Ironically, Governor Tina Kotek signed legislation reversing Measure 110 on April Fools’ Day. The leftists who aren’t having to deal with the day-to-day devastation that the defunct measure had wrought on the state are irate that Oregon is returning to law and order. The local chapter of the American Civil Liberties Union encouraged constituents to contact their state lawmakers while calling the reversal of Measure 110 a “return to the failed racist and classist tactics of the war on drugs that wasted billions of tax dollars criminalizing drug addiction, especially amongst Black, brown, and low-income people.” The ACLU chapter also asserted that reverting to the previous law-and-order strategy is more expensive.
This claim is particularly insidious when you look at the numbers. Remember, the success rate of the citation strategy was just 1.5%. Ergo, the leftists who share the ACLU’s opinion would rather see the destruction of communities and families continue. They would rather addicts continue to ruin their lives or even die via overdose because to do otherwise would be racist and expensive. This seems like a human-last perspective.
There isn’t a perfect solution to curbing drug abuse and addiction and all the subsequent consequences that go along with those life choices. Even in reversing Measure 110, legislators like State Senate Republican Leader Tim Knopp conceded: “HB 4002 [which reversed Measure 110] is not a perfect solution; legislators will undoubtedly have much more work to do in upcoming sessions. But it sets a standard for how the state should approach the drug addiction crisis: by empowering law enforcement and our behavioral health systems to work together to help Oregonians struggling with chronic addiction seek life-saving treatment.”

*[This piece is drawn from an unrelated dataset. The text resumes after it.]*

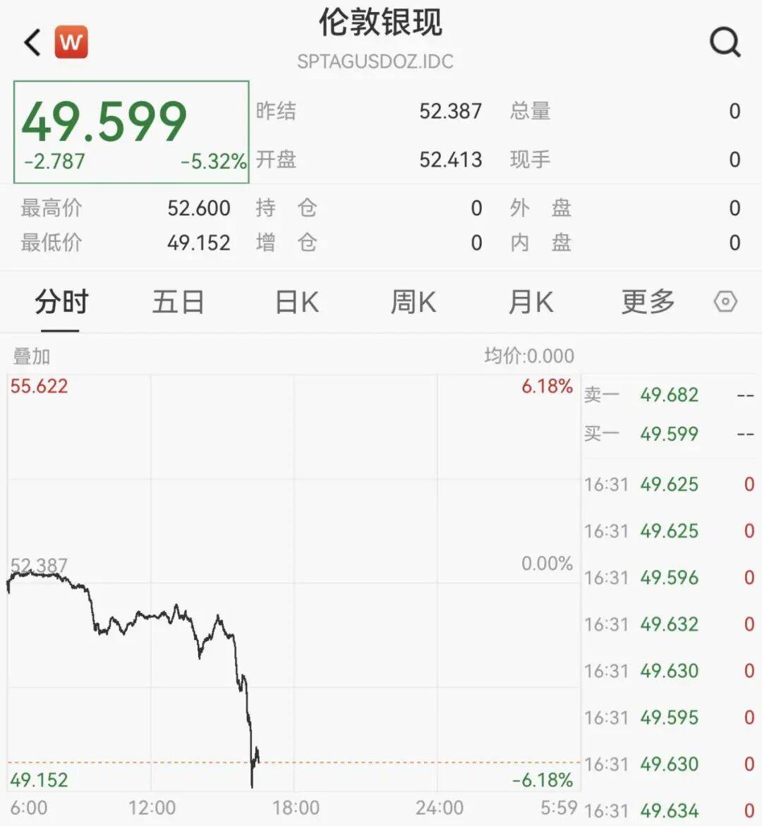 现货白银跌破50美元/盎司,为1010日以来首次,日内跌幅达5.32%

Having boundaries via laws and law enforcement stands a better chance of reducing the problem than the anarchy of so-called freedom. Giving addicts the freedom to use and abuse drugs with impunity is giving them over to the enslavement of addiction.
Oregon voters have had an up-close and personal view of this contrast. The social experiment of legalizing hard drug use made the problem worse and killed more people. Residents have found they prefer law and order, as well as giving addicts a more firm hand in getting clean.